■ **TASK OBJECTIVE**:
Word for word, restate the lines from the one containing "长风社区组织工作人员和志愿者" through the last line of the material, and include no pictures.

■ **THE DATA**:
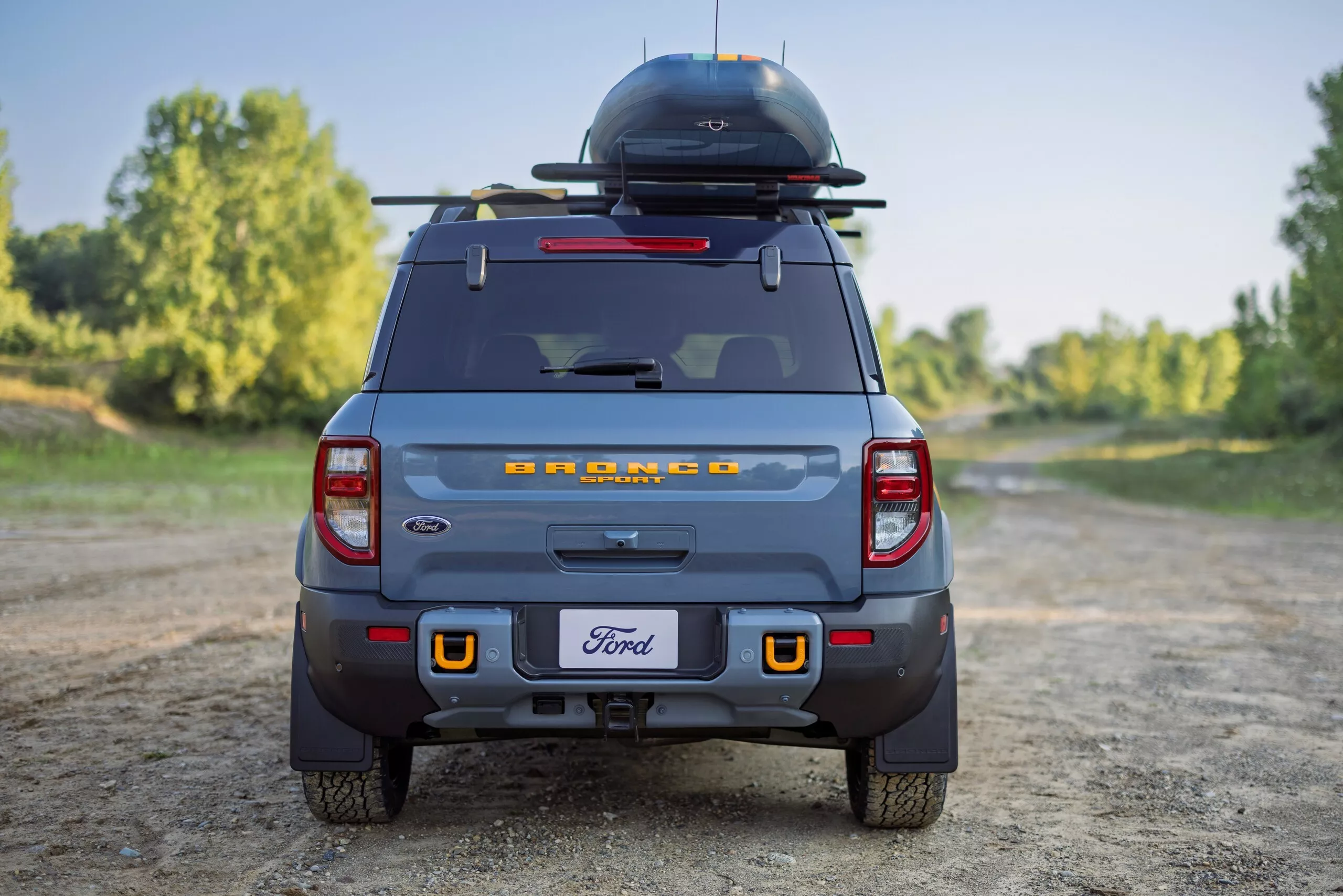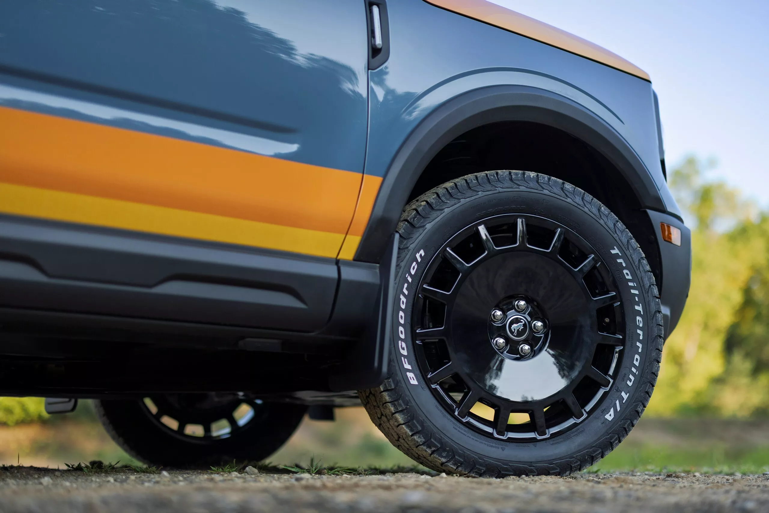 - Bronco Sport استعارت تصميم العجلات من Mustang Mach-E Rally مطلية باللون الأسود مع إطارات BFGoodrich XL.
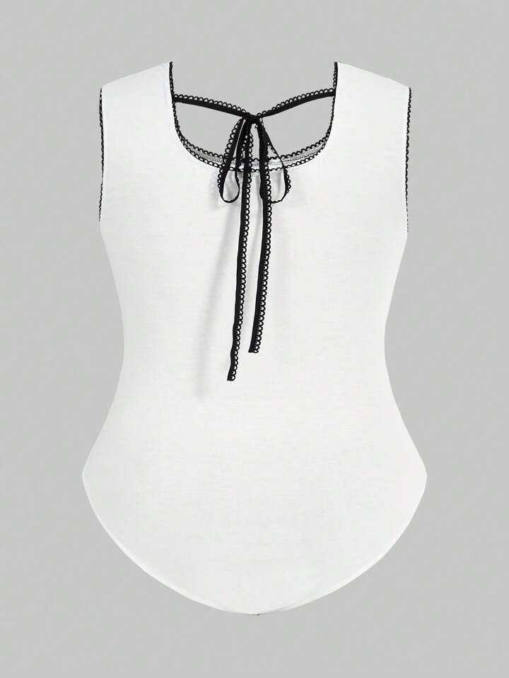 Kawaii Plus Size Color Block Lace Trimmed Lace-Up Bodysuit
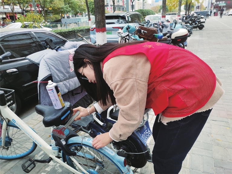 长风社区组织工作人员和志愿者近日开展志愿服务活动。活动中,大家集中清理街巷空调外挂机、电线杆、共享单车车身等地的“牛皮癣”,整治乱停乱放非机动车,进一步改善了辖区环境卫生,提高了居民环保意识。
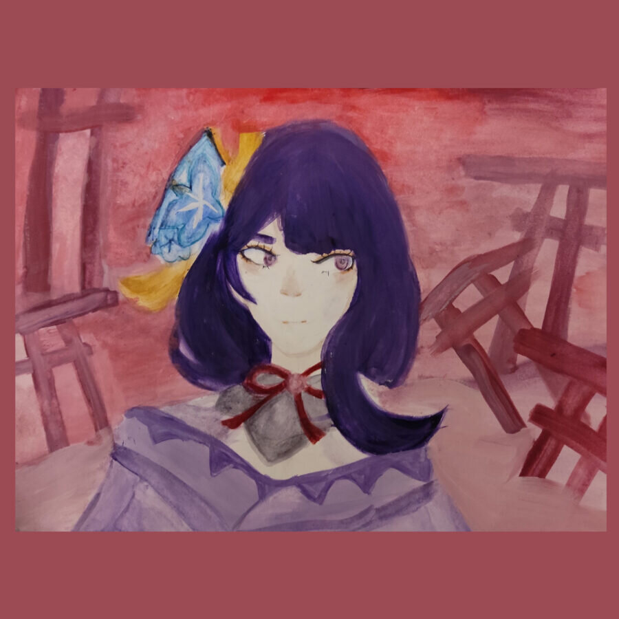 Это Райден Эи. Я уже когда то выкладывала рисунок про неё, но он был небольшой, формата А5. Я играю в Геншин уже более года, и вот я опять нарисовала свою любимку. Начала я играть 9 сентября 2021 года. Тогда же и появилась Райден в игре, мне очень понравился этот персонаж.

■ **RESPONSE BELOW**:
 长风社区组织工作人员和志愿者近日开展志愿服务活动。活动中,大家集中清理街巷空调外挂机、电线杆、共享单车车身等地的“牛皮癣”,整治乱停乱放非机动车,进一步改善了辖区环境卫生,提高了居民环保意识。
 Это Райден Эи. Я уже когда то выкладывала рисунок про неё, но он был небольшой, формата А5. Я играю в Геншин уже более года, и вот я опять нарисовала свою любимку. Начала я играть 9 сентября 2021 года. Тогда же и появилась Райден в игре, мне очень понравился этот персонаж.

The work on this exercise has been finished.